[Problem to work on]:
Word for word, retype the lines from the one containing "TITIKA不对称肩带背心女运动健身轻薄透气美背休闲上衣(带胸垫)BASIC" to the one containing "Институт Гэллапа на" below, keeping both end lines and dropping the pictures.

[The data]:
--- START ---
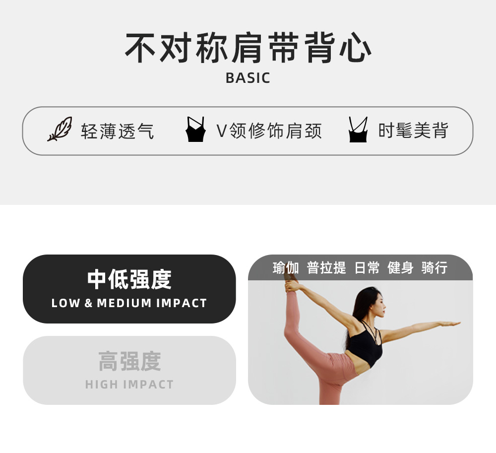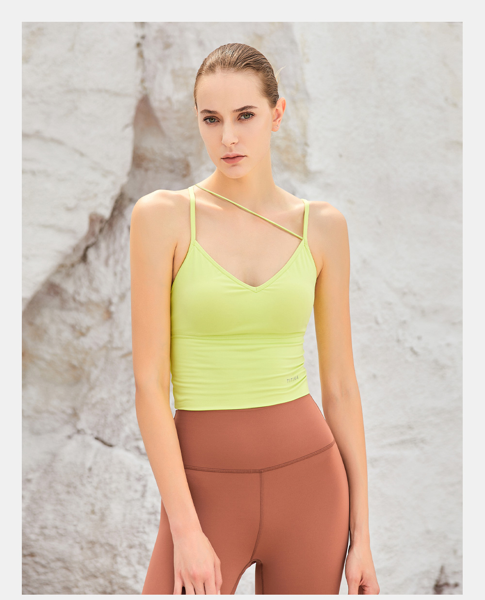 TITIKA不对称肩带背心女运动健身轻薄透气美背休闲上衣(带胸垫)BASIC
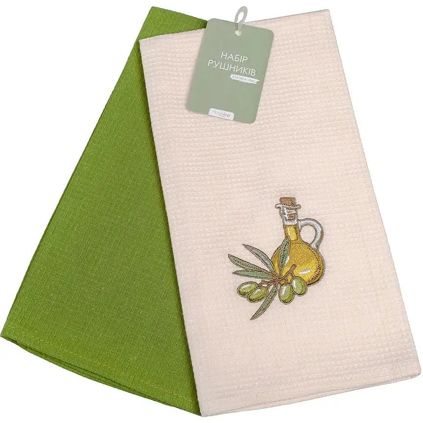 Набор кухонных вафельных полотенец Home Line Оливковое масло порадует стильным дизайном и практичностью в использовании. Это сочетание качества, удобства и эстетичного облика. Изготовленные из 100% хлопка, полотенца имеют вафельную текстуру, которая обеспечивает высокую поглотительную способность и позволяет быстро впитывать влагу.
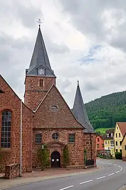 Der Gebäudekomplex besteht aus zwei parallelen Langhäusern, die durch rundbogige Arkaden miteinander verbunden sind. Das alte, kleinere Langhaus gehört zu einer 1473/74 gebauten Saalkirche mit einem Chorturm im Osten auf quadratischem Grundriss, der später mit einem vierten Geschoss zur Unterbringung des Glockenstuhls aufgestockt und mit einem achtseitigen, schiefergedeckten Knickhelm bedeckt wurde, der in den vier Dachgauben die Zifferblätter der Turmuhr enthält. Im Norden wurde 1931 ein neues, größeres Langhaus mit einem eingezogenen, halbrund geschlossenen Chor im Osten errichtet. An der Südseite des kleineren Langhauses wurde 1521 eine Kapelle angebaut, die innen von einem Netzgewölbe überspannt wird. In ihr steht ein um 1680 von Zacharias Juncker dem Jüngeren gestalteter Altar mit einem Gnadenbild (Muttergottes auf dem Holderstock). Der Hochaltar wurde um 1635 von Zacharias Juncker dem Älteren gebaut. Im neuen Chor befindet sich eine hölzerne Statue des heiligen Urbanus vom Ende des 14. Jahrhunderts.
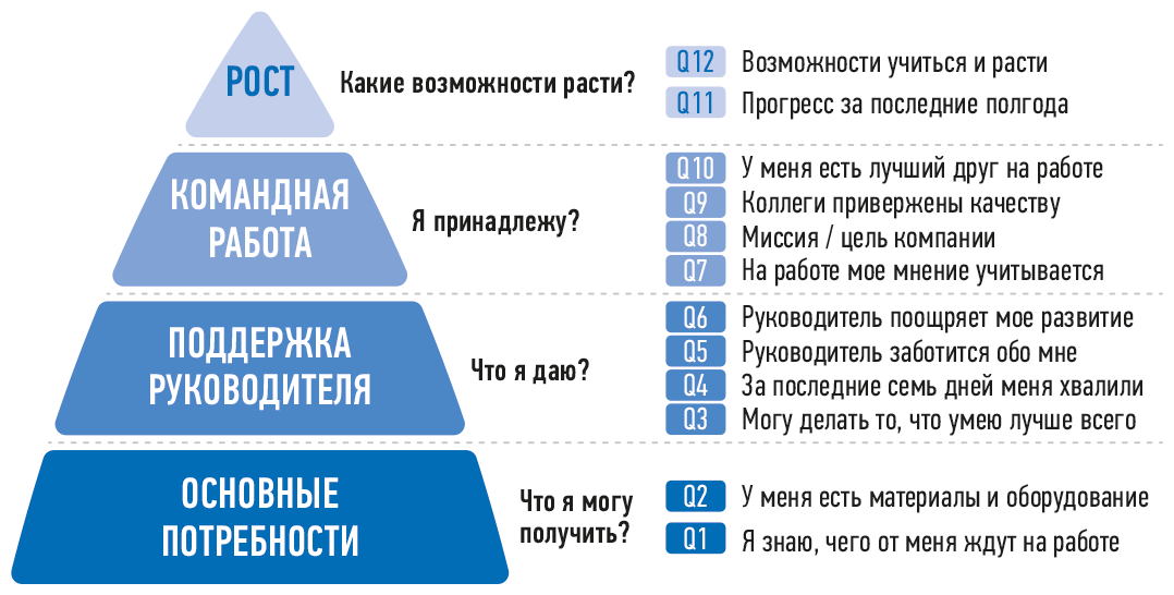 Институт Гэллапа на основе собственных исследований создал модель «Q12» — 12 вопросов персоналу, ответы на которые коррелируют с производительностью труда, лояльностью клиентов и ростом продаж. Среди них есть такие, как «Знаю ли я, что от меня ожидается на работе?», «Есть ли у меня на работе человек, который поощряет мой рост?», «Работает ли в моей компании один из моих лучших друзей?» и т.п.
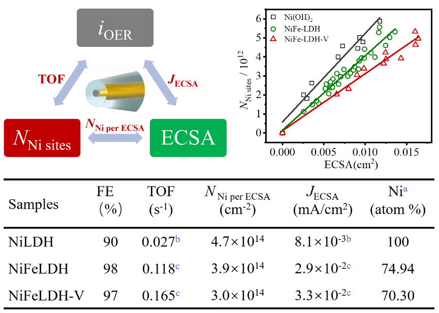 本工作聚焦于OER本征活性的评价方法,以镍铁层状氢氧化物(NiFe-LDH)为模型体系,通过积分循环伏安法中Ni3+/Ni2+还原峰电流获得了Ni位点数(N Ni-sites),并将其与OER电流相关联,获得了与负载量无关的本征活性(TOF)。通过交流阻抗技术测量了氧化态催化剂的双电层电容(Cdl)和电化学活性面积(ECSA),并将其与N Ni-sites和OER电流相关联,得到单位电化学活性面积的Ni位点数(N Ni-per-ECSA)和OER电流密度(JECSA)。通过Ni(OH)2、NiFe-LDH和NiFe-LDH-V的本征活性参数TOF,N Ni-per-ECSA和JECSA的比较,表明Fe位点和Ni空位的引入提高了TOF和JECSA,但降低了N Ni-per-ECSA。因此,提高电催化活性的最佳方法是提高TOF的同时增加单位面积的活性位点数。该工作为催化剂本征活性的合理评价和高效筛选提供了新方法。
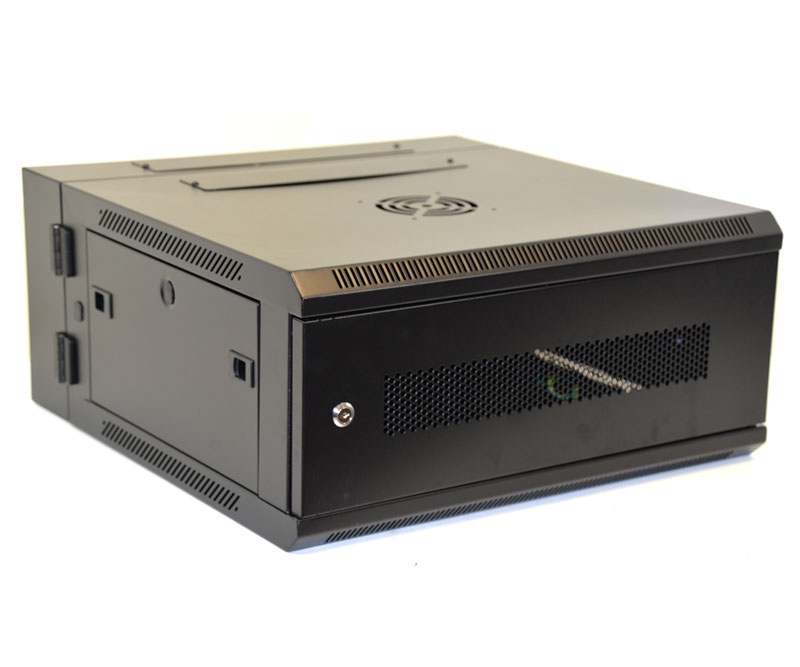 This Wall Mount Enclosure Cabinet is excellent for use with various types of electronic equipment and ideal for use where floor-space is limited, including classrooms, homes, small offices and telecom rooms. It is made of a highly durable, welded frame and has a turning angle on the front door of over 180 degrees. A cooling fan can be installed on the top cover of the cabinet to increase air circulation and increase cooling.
--- END ---
--- START ---
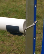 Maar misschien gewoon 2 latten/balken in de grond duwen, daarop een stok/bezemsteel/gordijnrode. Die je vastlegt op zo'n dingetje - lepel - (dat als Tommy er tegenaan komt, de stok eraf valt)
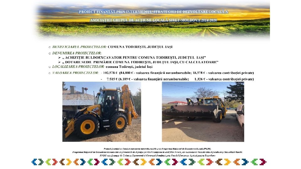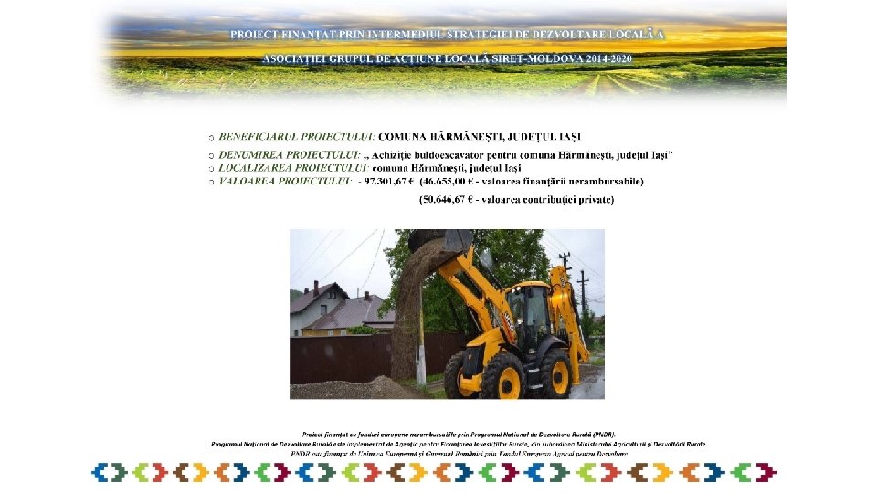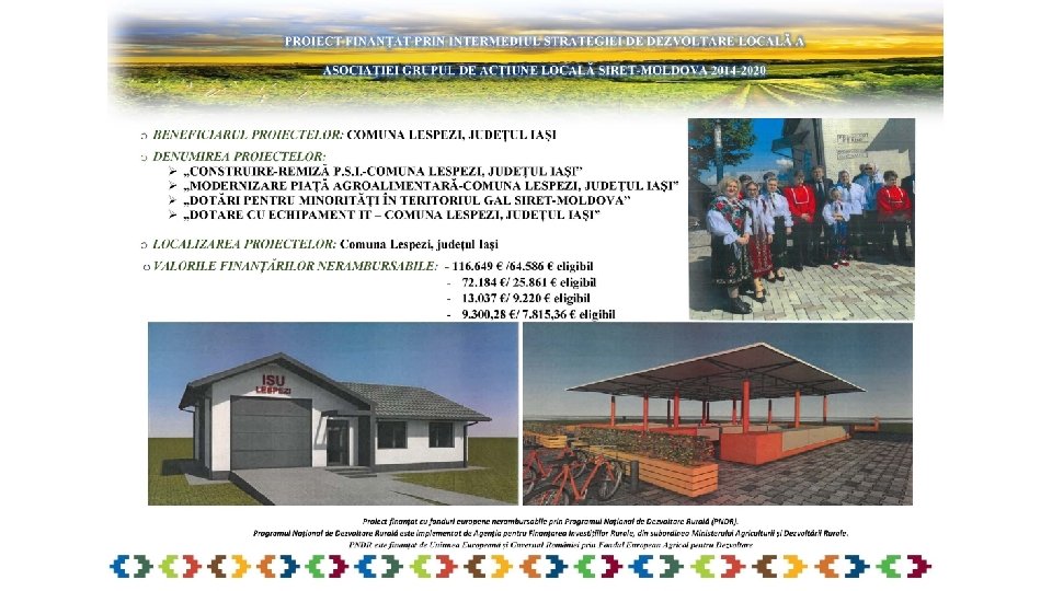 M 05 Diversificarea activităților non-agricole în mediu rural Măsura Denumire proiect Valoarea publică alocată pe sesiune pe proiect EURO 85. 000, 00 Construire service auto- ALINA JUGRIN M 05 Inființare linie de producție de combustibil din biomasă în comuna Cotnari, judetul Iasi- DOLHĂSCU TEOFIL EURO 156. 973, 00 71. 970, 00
--- END ---
--- START ---
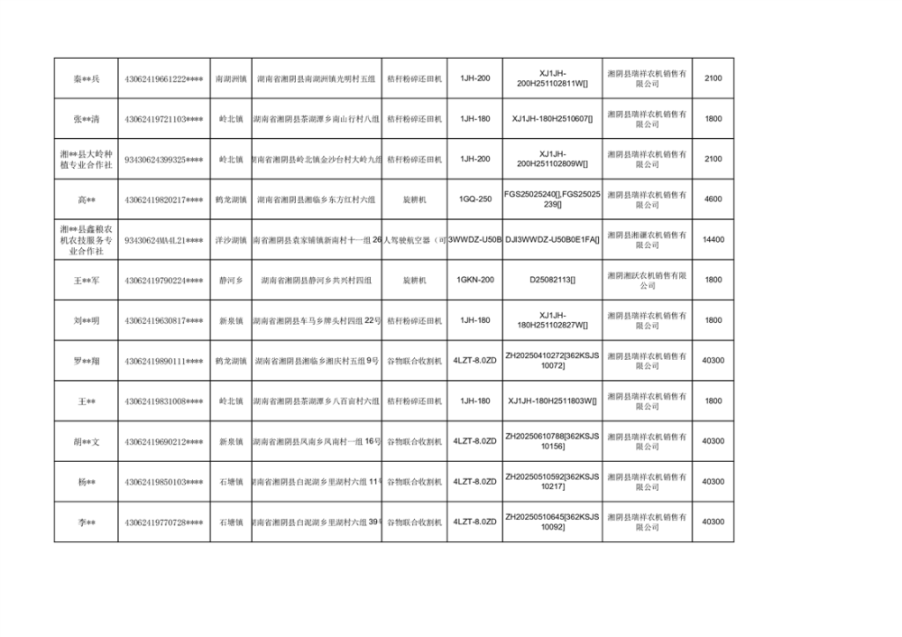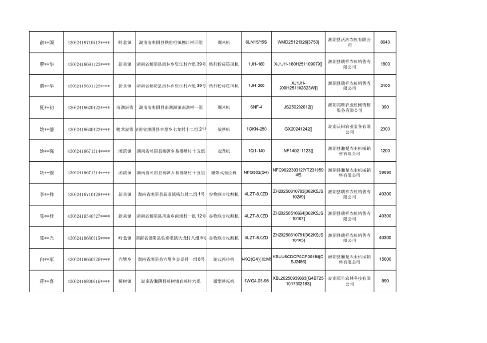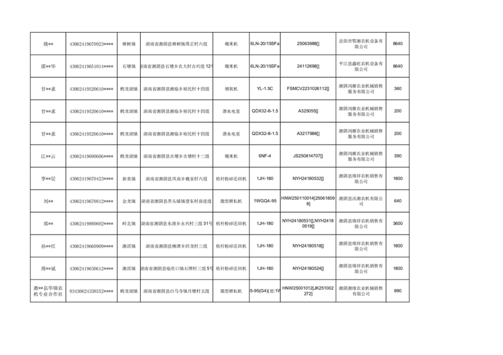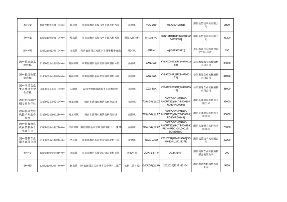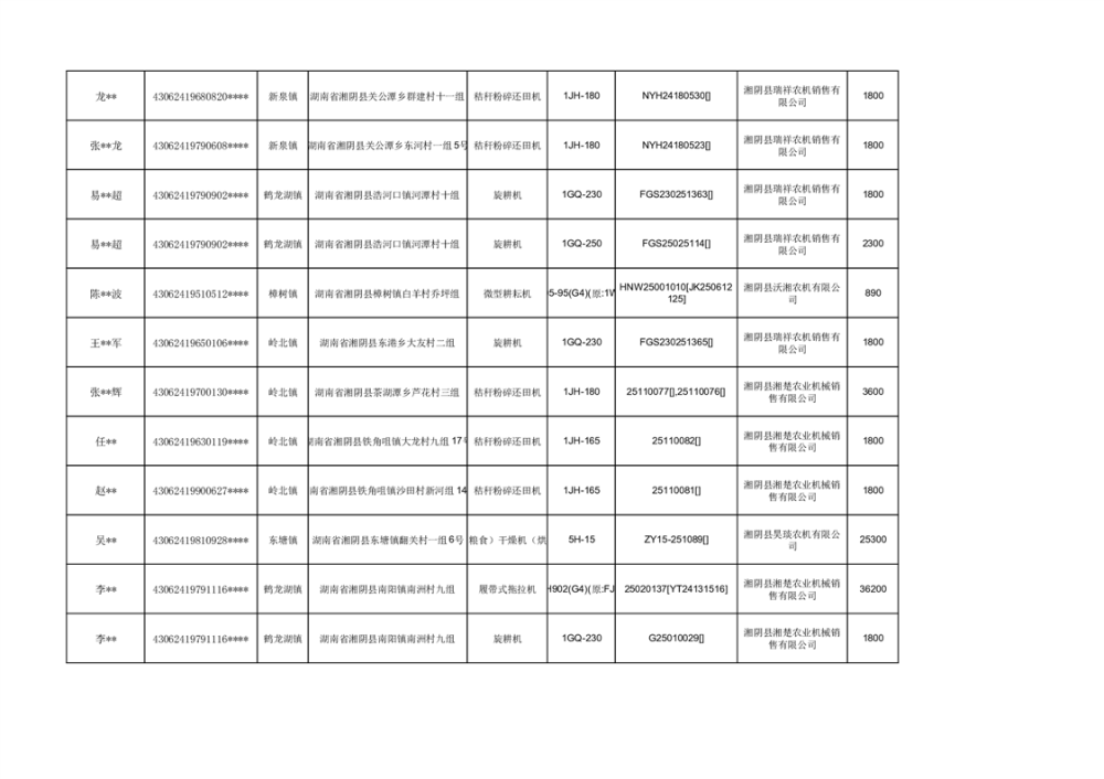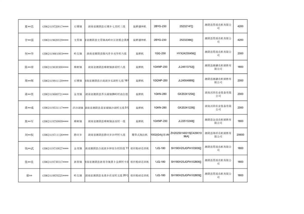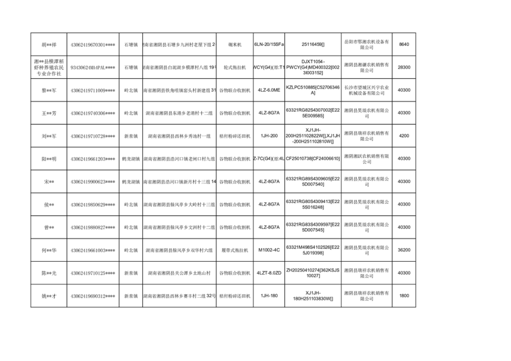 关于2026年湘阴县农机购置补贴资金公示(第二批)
--- END ---
[Result for this task]:
 TITIKA不对称肩带背心女运动健身轻薄透气美背休闲上衣(带胸垫)BASIC
 Набор кухонных вафельных полотенец Home Line Оливковое масло порадует стильным дизайном и практичностью в использовании. Это сочетание качества, удобства и эстетичного облика. Изготовленные из 100% хлопка, полотенца имеют вафельную текстуру, которая обеспечивает высокую поглотительную способность и позволяет быстро впитывать влагу.
 Der Gebäudekomplex besteht aus zwei parallelen Langhäusern, die durch rundbogige Arkaden miteinander verbunden sind. Das alte, kleinere Langhaus gehört zu einer 1473/74 gebauten Saalkirche mit einem Chorturm im Osten auf quadratischem Grundriss, der später mit einem vierten Geschoss zur Unterbringung des Glockenstuhls aufgestockt und mit einem achtseitigen, schiefergedeckten Knickhelm bedeckt wurde, der in den vier Dachgauben die Zifferblätter der Turmuhr enthält. Im Norden wurde 1931 ein neues, größeres Langhaus mit einem eingezogenen, halbrund geschlossenen Chor im Osten errichtet. An der Südseite des kleineren Langhauses wurde 1521 eine Kapelle angebaut, die innen von einem Netzgewölbe überspannt wird. In ihr steht ein um 1680 von Zacharias Juncker dem Jüngeren gestalteter Altar mit einem Gnadenbild (Muttergottes auf dem Holderstock). Der Hochaltar wurde um 1635 von Zacharias Juncker dem Älteren gebaut. Im neuen Chor befindet sich eine hölzerne Statue des heiligen Urbanus vom Ende des 14. Jahrhunderts.
 Институт Гэллапа на основе собственных исследований создал модель «Q12» — 12 вопросов персоналу, ответы на которые коррелируют с производительностью труда, лояльностью клиентов и ростом продаж. Среди них есть такие, как «Знаю ли я, что от меня ожидается на работе?», «Есть ли у меня на работе человек, который поощряет мой рост?», «Работает ли в моей компании один из моих лучших друзей?» и т.п.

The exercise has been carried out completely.